The optimal treatment strategy for S. maltophilia infections has not been definitively established, although TMP-SXT remains the most commonly used agent for susceptible strains. Fluoroquinolones, another frequently employed therapeutic option, are widely used in patients who are either resistant to or intolerant of TMP-SXT. While increasing resistance to TMP-SXT has been reported in the literature, no resistance to TMP-SXT was detected in our study. Among the 10 levofloxacin-tested isolates, resistance was identified in 2. A meta-analysis evaluating resistance rates of S. maltophilia worldwide, including data from Turkey, reported a global levofloxacin resistance rate of 14.4% and a TMP-SMX resistance rate of 9.2%, with an upward trend in resistance to both agents over time.[23] Another Turkish study found resistance rates of 5.6% for tigecycline, 7% for levofloxacin, and 8.5% for TMP-SXT.[24] Although TMP-SXT and levofloxacin remain among the most frequently preferred agents in treatment, the increasing resistance observed in various bacterial pathogens underscores the importance of monitoring antimicrobial susceptibility patterns.
In our study, the most frequently preferred therapeutic agents were TMP-SXT and fluoroquinolones. Notably, the proportion of patients receiving combination regimens was relatively high. This finding may be attributable to the high prevalence of polymicrobial infections and coinfections among our cohort. However, combination therapy did not confer an additional survival benefit. Guerci P et al. reported that appropriate antibiotic use, timing of initiation, combination therapy, and treatment duration have not generally had a significant impact on mortality in S. maltophilia pneumonia.[20] Combination therapy also did not affect 30-day mortality. Liang et al. reported no mortality benefit from combination therapy in the general cohort, though a potential benefit was observed in immunocompromised patients and those with APACHE II scores≥15.[18] Another ICU-based study found no effect of appropriate or combination therapy on mortality.[9] These findings support the idea that mortality is more influenced by host-related risk factors than by therapeutic interventions.
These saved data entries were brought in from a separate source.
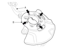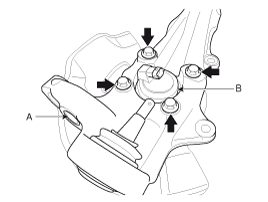 Loosen the dust cover mount bolts and then remove the dust cover (B) from knuckle (A).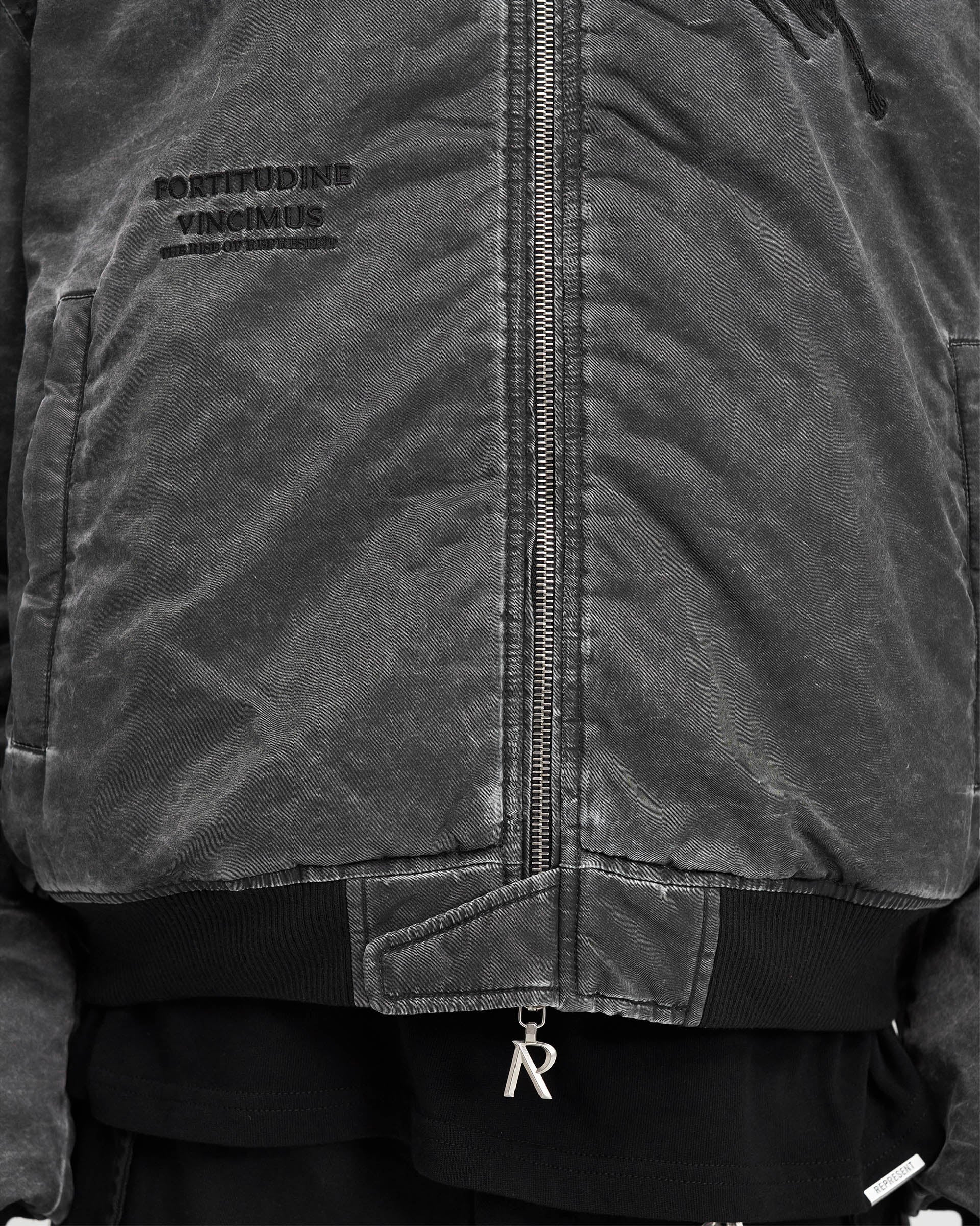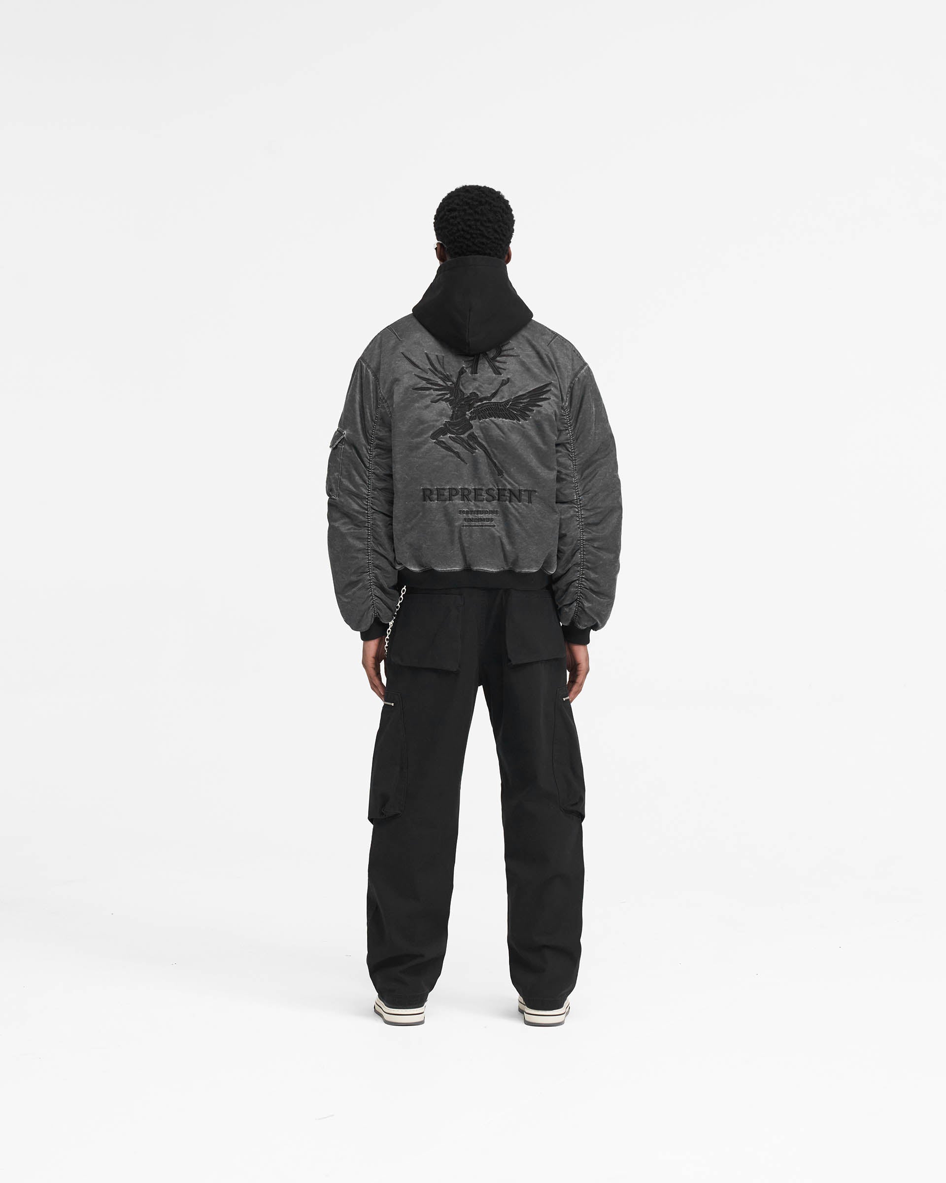 Introducing the Icarus Flight Bomber in Jet Black, a luxury bomber jacket with a garment dye effect throughout. The jacket has gathering details to the sleeves for a voluminous fit, a double ended Initial pendant zip closure to the front, zip hand pockets to each side and arm flap pockets. It has a ribbed hem, cuffs and collar and is finished with embroidered Icarus artwork to the front and back.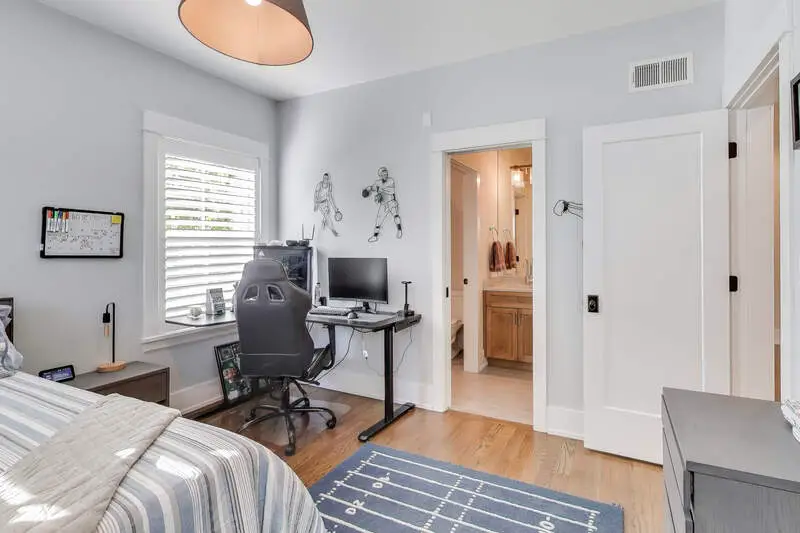 Fabulous 5+ bedroom, 5.1 bath, newer construction home in McKenzie on a great sized lot! Gorgeous home includes designer touches everywhere you look, including built-ins, custom mill work, cabinets & ceiling beams, plus unique light fixtures. The front porch with beautiful blue double doors welcomes you into this home with a dedicated first floor office overlooking the tree lined street. The formal dining room is big enough to feed a crowd. The chef's kitchen is perfectly appointed with top of the line Thermador appliances, gorgeous quartzite island, walk-in pantry and sun-filled breakfast area. You'll love the full size refrigerator and freezer, seperated by countertop space and extra cabinetry. The kitchen is open to the spacious family room, with a wood-burning fireplace with a gas starter and a coffered ceiling. A well-appointed mudroom with built-in cubbies and bench seating provides the perfect drop zone for daily essentials. The first floor also features a sophisticated powder room, plus a laundry room, including additional storage. Gorgeous hardwood floors run throughout the home. On the second floor, the spacious primary suite includes a custom-built closet and a spa-like bath with dual sinks, a separate soaking tub, and a walk-in shower. Three additional bedrooms, one with an ensuite and another full sized laundry area finish the floor. The third floor offers an additional bedroom, full bath, plus a bonus room. The fully finished basement is an entertainer's dream, with a large rec room, wet bar, exercise room, full bath, bedroom and ample storage. Outside, the backyard is perfect for entertaining and play, with a fabulous built in grill, blue stone sitting area and hot tub. Two car detached two-car garage with storage above. Located in the highly sought-after Maple and Gregory streets, walk to everything...school, town, train, library, Whole Foods and more!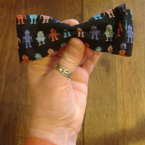 Apilar las dos hojas del arco (comprobar con cuidado otra vez para una orientación frontal y posterior y superior e inferior), con el clip, colocación junto, comprobación de los motivos de diseño de tela visible. Enrolle la banda del centro (también comprobar colocación de diseño), doblando los extremos cortados, en la parte posterior de la corbata de moño, alrededor de las hojas y el clip. La banda del centro del perno o pellizcar con los dedos. La banda debe constreñir fuertemente el paquete, que requieren puntadas firmes para reunir los extremos en la parte posterior de la corbata.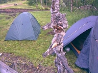 Expedice zacina opet v Ivalu. Letadlem na letiste a tentokrat jsme meli stesti, z letiste do kempu nas vzal dobrosrdecny Ital, ktereho nadchly nase plany prochodit Laponsko krizemb krazem. Pocasi je pekne. Mel jsem tri ruzne prepovedi (britska metosluzba, Forecast a finska meteosluzba), vsichni vestili ruzne pocasi, slunicko nemelo byt. Ale je. Jeden finsky vojensky turista mi psal, ze letosni komari jsou velci a doporucil brokovnici. Zda se, ze mel pravdu.

Our study has several limitations. This study was conducted in a single center with a retrospective design and a relatively small sample size, which may limit the generalizability of the findings to other patient populations and healthcare settings. Due to the retrospective design, certain potentially important clinical parameters — such as the exact timing and appropriateness of antimicrobial initiation, dosing adjustments, and detailed severity scores — could not be consistently obtained, which may have affected the interpretation of treatment outcomes. Finally, the comparison between combination therapy and monotherapy is observational and may be biased by confounding by indication and immortal time bias; therefore, differences in outcomes may not solely reflect the effect of the treatment regimen.


Conclusions

S. maltophilia pneumonia is a severe nosocomial infection associated with high mortality, particularly among intensive care patients with malignancies. Polymicrobial infections and coinfections are also common. In this study, SOFA score, mechanical ventilation, and a high Charlson Comorbidity Index were identified as independent risk factors for mortality. No significant impact of combination therapy on 30-day mortality was detected. Risk stratification and individualized monitoring may play a critical role in reducing mortality in this vulnerable patient population.